Pour planter une haie en automne, visez une terre encore souple et un emplacement où l’eau ne reste pas après la pluie. Le feuillage ralentira bientôt, mais les racines continueront de s’installer tant qu’elles gardent de l’air et de l’humidité.
Préparer une ligne de plantation qui ne retient pas l’eau
Tracez la ligne avec un cordeau, puis ouvrez une tranchée plus large que les mottes. Les racines s’étalent plus facilement dans une terre ameublie sur les côtés que dans une succession de trous étroits.
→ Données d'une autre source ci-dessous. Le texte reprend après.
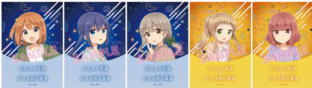
コラボポスターのイメージ
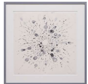
「Untitled (Lights) #25」 2024年 シルバーインク、青墨、竹和紙
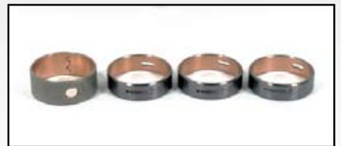
M-1875869C92 – Juego de Bujes de Árbol

Interstate-McBee tiene disponible los juegos de bujes de árbol de levas M-1875869C92 para Aplicaciones de cuatro válvulas en motores Navistar DT466E y DT570E. Este juego nuevo contiene todos los 4 bujes los cuales están marcados para facilidad de instalación y ubicación en el bloque.
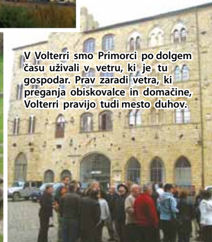
V Volterri smo Primorci po dolgem času uživali v vetru, ki je tu gospodar. Prav zaradi vetra, ki preganja obiskovalce in domačine, Volterri pravijo tudi mesto duhov.
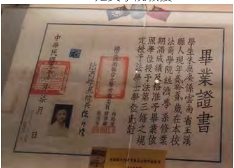
1944年頒的畢業證書上， 有三位校長的印章。
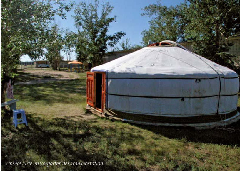
Unsere Jurte im Vorgarten der Krankenstation.
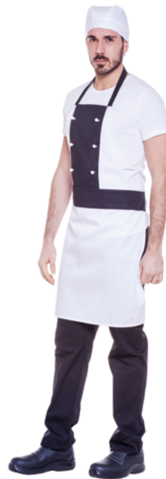
E001 Grembiule Pizzaiolo Unisex
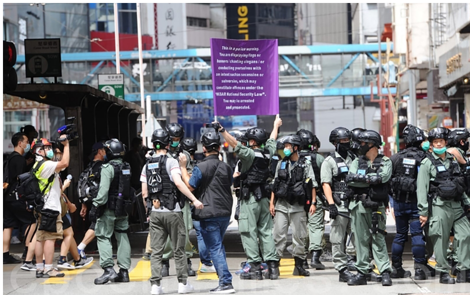
2020年7月1日，香港“7·1”大游行，防暴警察向市民展示“违反港区国安法”的紫旗，上面写着：“这是警方发出的警告。你们现在展示旗帜或横额叫喊口号或其他行为，有分裂国家或颠覆国家政权等意图，有可能构成《港区国安法》的罪行，你们可能会被拘捕及刑事检控”。
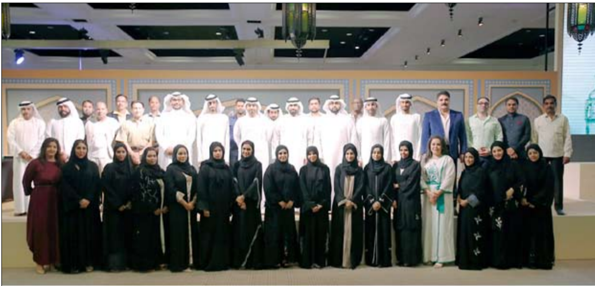
الرخاء ويتقبل منا صالح والأعمال. وأعرب عن شكره لصاحب السمو الشيخ الدكتور سلطان بن محمد بن سلطان القاسمي عضو المجلس الأعلى حاكم الشارقة وسمو الشيخ سلطان بن محمد بن سلطان القاسمي ولي عهد ونائب حاكم الشارقة رئيس المجلس بقطاع الطيران في إمارة الشارقة

وبارك سعادة الشيخ خالد عصام القاسمي للجميع بشهر رمضان المبارك أعاده الله على الأمتين العربية والإسلامية باليمن والبركات.. وشال الله أن يديم علينا الأمن والأمان والاستقرار
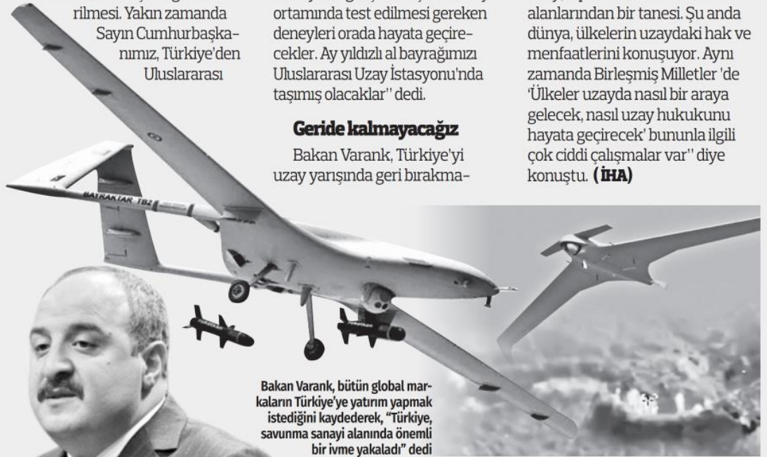
Bakan Varank, bütün global markaların Türkiye'ye yatırım yapmak istediğini kaydederek, "Türkiye, savunma sanayi alanında önemli bir ivme yakaladı" dedi

mak için ellerinden gelen gayreti gösterdiklerini ifade ederek, "Şu anda diploması başlığı altında konuşuyoruz ama baktığımızda uzay, diplomasinin en önemli alanlarından bir tanesi. Şu anda dünya, ülkelerin uzaydaki hak ve menfaatlerini konuşuyor. Aynı zamanda Birleşmiş Milletler'de 'Ülkeler uzayda nasıl bir araya gelecek, nasıl uzay hukukunu hayata geçirecek' bununla ilgili çok ciddi çalışmalar var" diye konuştu. (İHA)
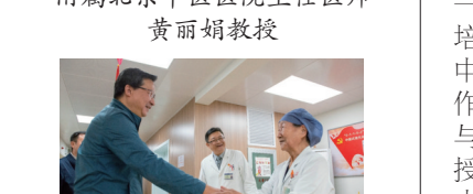
▲看望附属复兴医院宫腔镜诊治中心主任夏恩兰教授(校长办公室)
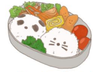
● อาหารสำหรับเด็ก ( 2-11 ปี ) *วัตถุประสงค์ขึ้นอยู่กับทาว์ราน
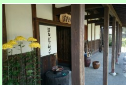
江口だんご本店 車で約4分 1.1km
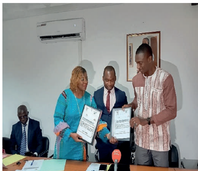
Échange de convention entre le PN-OEV et Robert's Hôtel

Cette signature a marqué une étape importante dans la collaboration entre le PN-OEV et ces structures partenaires, en raison de leur engagement commun au renforcement des interventions en faveur des OEV et du positionnement de chacune des parties.
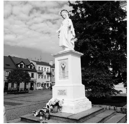
Figura Matki Bożej z Łęczycy

Państwo polskie odrodziło się dzięki ofiarności całego społeczeń-
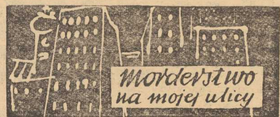
Przełożyła Irena DOLEŻAL-NÓWICKA

— Mówię to dlatego, że wczoraj wieczorem widziałem go w kapeluszu głęboko nasuniętym na czoło, siwe włosy miał ucięte i przez chwile go nie poznałem.
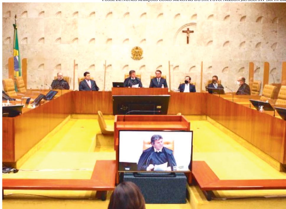
POSSE DE NUNES MARQUES COMO MINISTRO DO STF.

O Fundo Eleitoral é repassado aos partidos em anos de eleições. O repasse foi criado pelo Congresso em 2017 após a decisão do Supremo, que, em 2015, proibiu o financiamento das campanhas por empresas privadas. Além do Fundo Eleitoral, os partidos também contam com o Fundo Partidário, que é distribuído anualmente
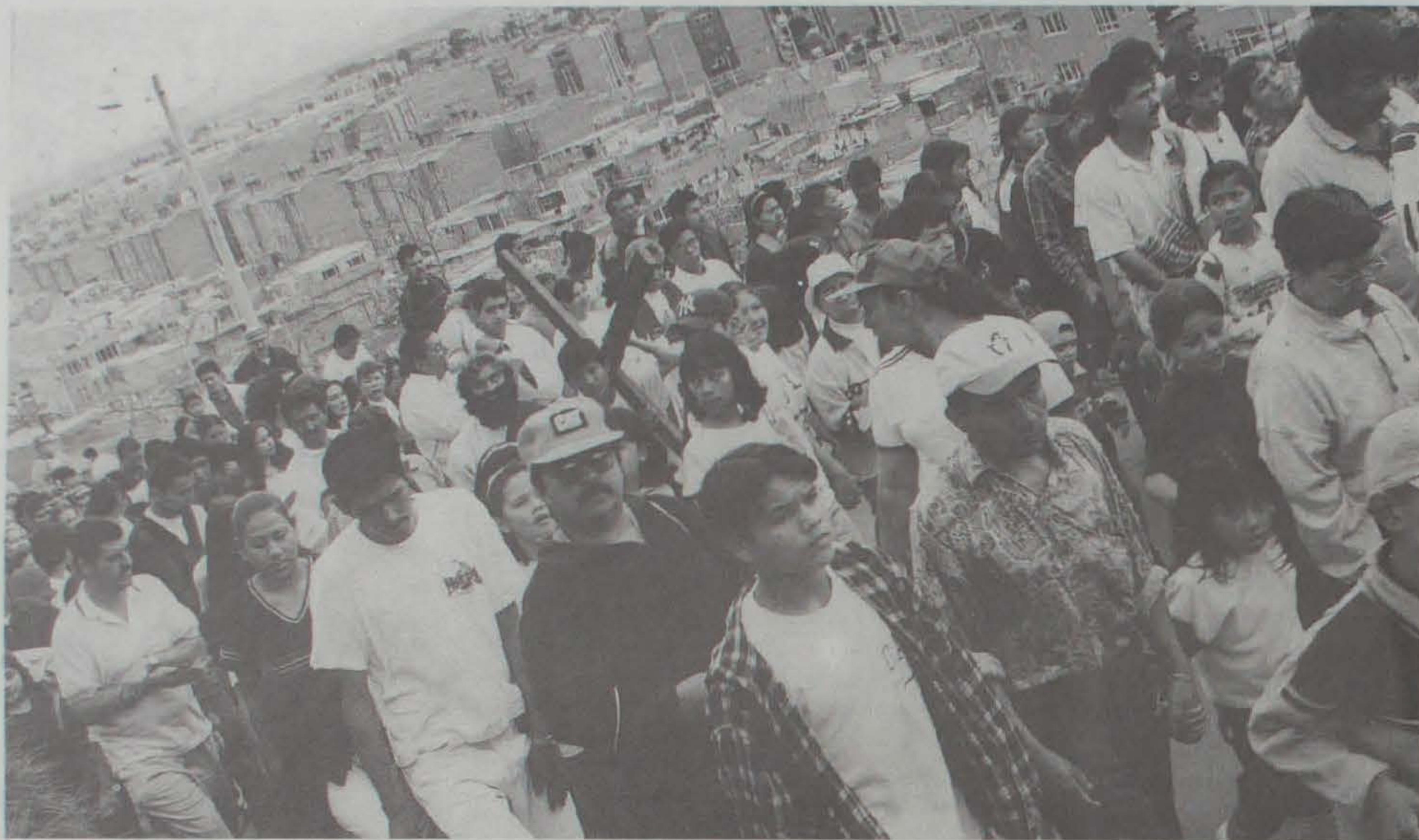
Al lado de la diversidad de prácticas han aparecido algunas problemáticas generadas a partir de las creencias religiosas o antirreligiosas.

Por: Isabel González Licenciada en Ciencias Sociales Instituto Cerros del Sur ICES
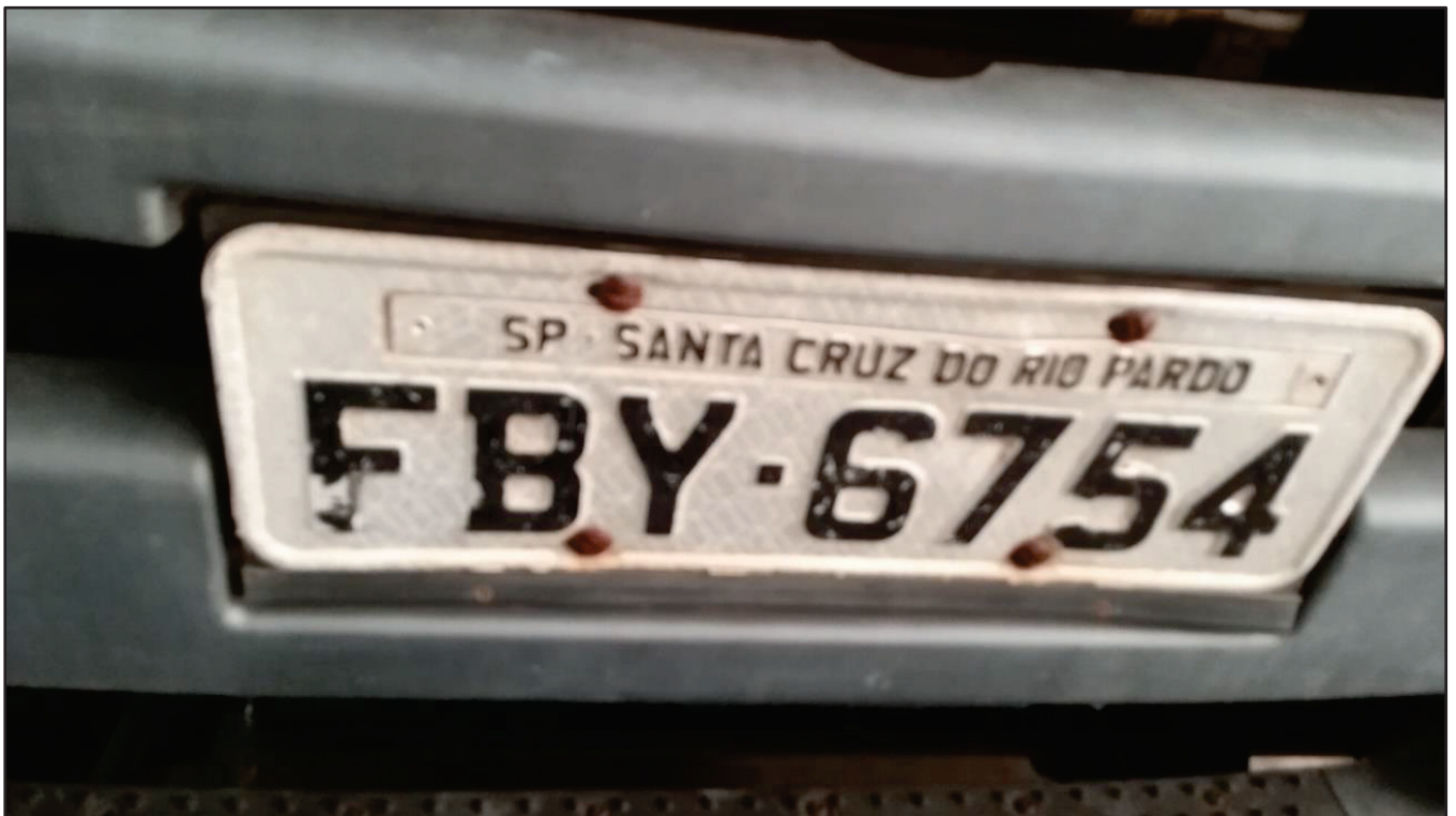
ITEM 030 - CAMINHÃO TOCO VOLKSWAGEM 19-330 CTC PLACA: FBY-6754
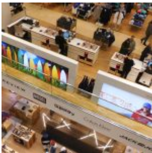
Bei Peek & Cloppenburg
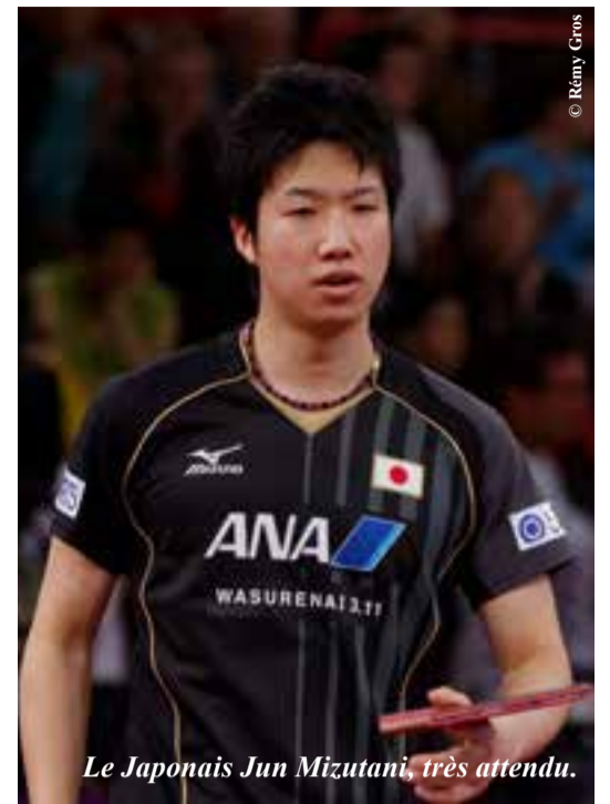
Le Japonais Jun Mizutani, très attendu.

Adulte 20.- AVS, AI, Etudiants 10.- / Enfant 5.-. Tarif pour les deux jours : Adulte 30.- AVS, AI, Etudiants 15.- / Enfant 10.-. Gratuit vendredi soir. Prélocation www.sttopen.ch .

Repoussez la plantation si la terre colle aux bottes, si elle reste brillante d’eau au fond de la tranchée ou si elle est gelée. La Royal Horticultural Society recommande aussi de différer le chantier dans un sol gorgé d’eau : les racines ont besoin d’air autant que d’eau.
Gardez la terre sortie de la tranchée à portée de main, en retirant les pierres les plus grosses et les racines de mauvaises herbes. Un compost mûr peut améliorer une terre pauvre, mais il ne règle pas un problème de drainage. Dans une zone où l’eau stagne chaque hiver, il vaut mieux corriger ce point avant de commander les végétaux.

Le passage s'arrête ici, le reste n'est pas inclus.